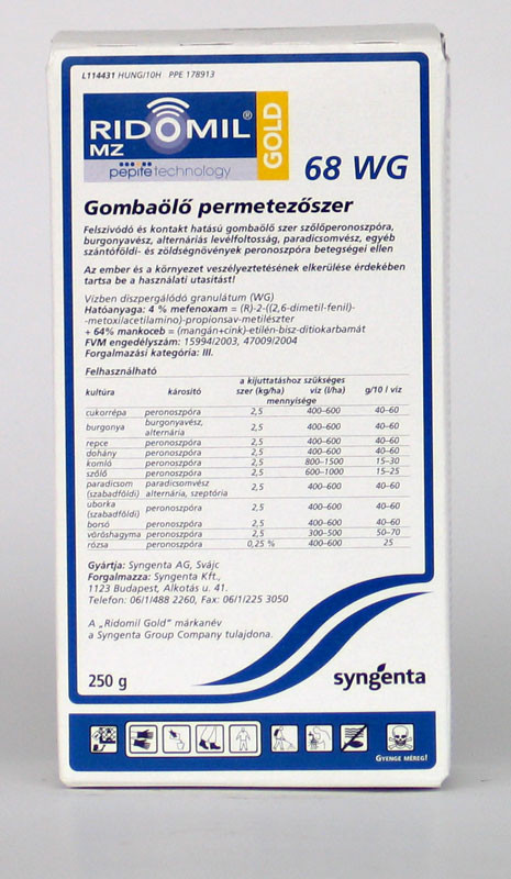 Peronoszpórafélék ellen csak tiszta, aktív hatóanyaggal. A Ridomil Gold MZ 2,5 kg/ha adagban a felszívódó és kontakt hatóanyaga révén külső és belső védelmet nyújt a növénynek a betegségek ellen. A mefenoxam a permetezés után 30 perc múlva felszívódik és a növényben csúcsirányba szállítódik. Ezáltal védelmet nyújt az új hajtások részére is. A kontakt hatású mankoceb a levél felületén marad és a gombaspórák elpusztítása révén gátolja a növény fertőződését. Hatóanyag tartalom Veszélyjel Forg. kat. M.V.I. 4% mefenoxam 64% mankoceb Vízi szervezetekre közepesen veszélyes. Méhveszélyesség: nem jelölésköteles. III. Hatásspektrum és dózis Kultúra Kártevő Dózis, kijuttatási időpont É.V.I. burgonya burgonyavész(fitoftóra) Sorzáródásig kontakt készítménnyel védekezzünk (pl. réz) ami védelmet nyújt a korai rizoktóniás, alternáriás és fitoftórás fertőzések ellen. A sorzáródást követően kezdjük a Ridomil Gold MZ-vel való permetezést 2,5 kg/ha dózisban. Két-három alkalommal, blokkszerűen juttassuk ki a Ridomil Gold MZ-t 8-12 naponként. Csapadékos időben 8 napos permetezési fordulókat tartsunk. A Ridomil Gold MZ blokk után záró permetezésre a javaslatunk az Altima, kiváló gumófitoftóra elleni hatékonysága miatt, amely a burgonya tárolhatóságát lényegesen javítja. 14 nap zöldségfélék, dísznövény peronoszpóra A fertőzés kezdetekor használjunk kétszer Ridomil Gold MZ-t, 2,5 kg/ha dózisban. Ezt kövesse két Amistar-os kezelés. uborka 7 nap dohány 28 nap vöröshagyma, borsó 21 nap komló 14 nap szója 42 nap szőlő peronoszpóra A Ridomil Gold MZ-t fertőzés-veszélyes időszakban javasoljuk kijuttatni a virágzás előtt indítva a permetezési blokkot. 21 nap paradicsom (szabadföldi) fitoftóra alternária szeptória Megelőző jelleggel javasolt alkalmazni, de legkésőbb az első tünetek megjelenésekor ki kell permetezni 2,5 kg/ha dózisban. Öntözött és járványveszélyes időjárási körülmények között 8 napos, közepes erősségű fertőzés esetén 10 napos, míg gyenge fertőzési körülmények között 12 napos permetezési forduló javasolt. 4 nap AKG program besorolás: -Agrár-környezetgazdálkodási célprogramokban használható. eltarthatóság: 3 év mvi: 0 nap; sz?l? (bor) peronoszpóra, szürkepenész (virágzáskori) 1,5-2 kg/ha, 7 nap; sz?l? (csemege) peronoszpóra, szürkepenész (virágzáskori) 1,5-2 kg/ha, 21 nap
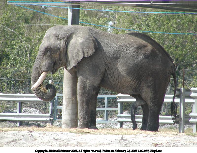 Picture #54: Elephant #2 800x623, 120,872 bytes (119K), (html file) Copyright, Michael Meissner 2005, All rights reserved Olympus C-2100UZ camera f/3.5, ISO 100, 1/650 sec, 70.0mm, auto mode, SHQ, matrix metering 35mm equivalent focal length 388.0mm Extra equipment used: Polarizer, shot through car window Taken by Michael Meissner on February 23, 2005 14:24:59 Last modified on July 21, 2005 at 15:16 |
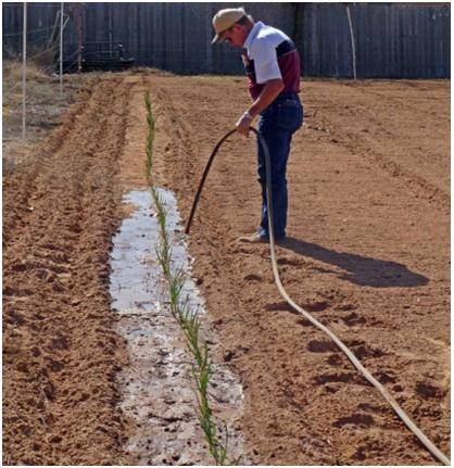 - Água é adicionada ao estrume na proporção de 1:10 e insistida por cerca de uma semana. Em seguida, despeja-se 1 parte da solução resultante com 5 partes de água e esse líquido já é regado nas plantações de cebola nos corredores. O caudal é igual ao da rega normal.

══════════════════════════════

◆ WHAT YOU ARE ASKED TO DO ◆
Pictures aside, repeat every line of the data above exactly.

◆ TASK SOLUTION ◆
 Peronoszpórafélék ellen csak tiszta, aktív hatóanyaggal. A Ridomil Gold MZ 2,5 kg/ha adagban a felszívódó és kontakt hatóanyaga révén külső és belső védelmet nyújt a növénynek a betegségek ellen. A mefenoxam a permetezés után 30 perc múlva felszívódik és a növényben csúcsirányba szállítódik. Ezáltal védelmet nyújt az új hajtások részére is. A kontakt hatású mankoceb a levél felületén marad és a gombaspórák elpusztítása révén gátolja a növény fertőződését. Hatóanyag tartalom Veszélyjel Forg. kat. M.V.I. 4% mefenoxam 64% mankoceb Vízi szervezetekre közepesen veszélyes. Méhveszélyesség: nem jelölésköteles. III. Hatásspektrum és dózis Kultúra Kártevő Dózis, kijuttatási időpont É.V.I. burgonya burgonyavész(fitoftóra) Sorzáródásig kontakt készítménnyel védekezzünk (pl. réz) ami védelmet nyújt a korai rizoktóniás, alternáriás és fitoftórás fertőzések ellen. A sorzáródást követően kezdjük a Ridomil Gold MZ-vel való permetezést 2,5 kg/ha dózisban. Két-három alkalommal, blokkszerűen juttassuk ki a Ridomil Gold MZ-t 8-12 naponként. Csapadékos időben 8 napos permetezési fordulókat tartsunk. A Ridomil Gold MZ blokk után záró permetezésre a javaslatunk az Altima, kiváló gumófitoftóra elleni hatékonysága miatt, amely a burgonya tárolhatóságát lényegesen javítja. 14 nap zöldségfélék, dísznövény peronoszpóra A fertőzés kezdetekor használjunk kétszer Ridomil Gold MZ-t, 2,5 kg/ha dózisban. Ezt kövesse két Amistar-os kezelés. uborka 7 nap dohány 28 nap vöröshagyma, borsó 21 nap komló 14 nap szója 42 nap szőlő peronoszpóra A Ridomil Gold MZ-t fertőzés-veszélyes időszakban javasoljuk kijuttatni a virágzás előtt indítva a permetezési blokkot. 21 nap paradicsom (szabadföldi) fitoftóra alternária szeptória Megelőző jelleggel javasolt alkalmazni, de legkésőbb az első tünetek megjelenésekor ki kell permetezni 2,5 kg/ha dózisban. Öntözött és járványveszélyes időjárási körülmények között 8 napos, közepes erősségű fertőzés esetén 10 napos, míg gyenge fertőzési körülmények között 12 napos permetezési forduló javasolt. 4 nap AKG program besorolás: -Agrár-környezetgazdálkodási célprogramokban használható. eltarthatóság: 3 év mvi: 0 nap; sz?l? (bor) peronoszpóra, szürkepenész (virágzáskori) 1,5-2 kg/ha, 7 nap; sz?l? (csemege) peronoszpóra, szürkepenész (virágzáskori) 1,5-2 kg/ha, 21 nap
 Picture #54: Elephant #2 800x623, 120,872 bytes (119K), (html file) Copyright, Michael Meissner 2005, All rights reserved Olympus C-2100UZ camera f/3.5, ISO 100, 1/650 sec, 70.0mm, auto mode, SHQ, matrix metering 35mm equivalent focal length 388.0mm Extra equipment used: Polarizer, shot through car window Taken by Michael Meissner on February 23, 2005 14:24:59 Last modified on July 21, 2005 at 15:16 |
 - Água é adicionada ao estrume na proporção de 1:10 e insistida por cerca de uma semana. Em seguida, despeja-se 1 parte da solução resultante com 5 partes de água e esse líquido já é regado nas plantações de cebola nos corredores. O caudal é igual ao da rega normal.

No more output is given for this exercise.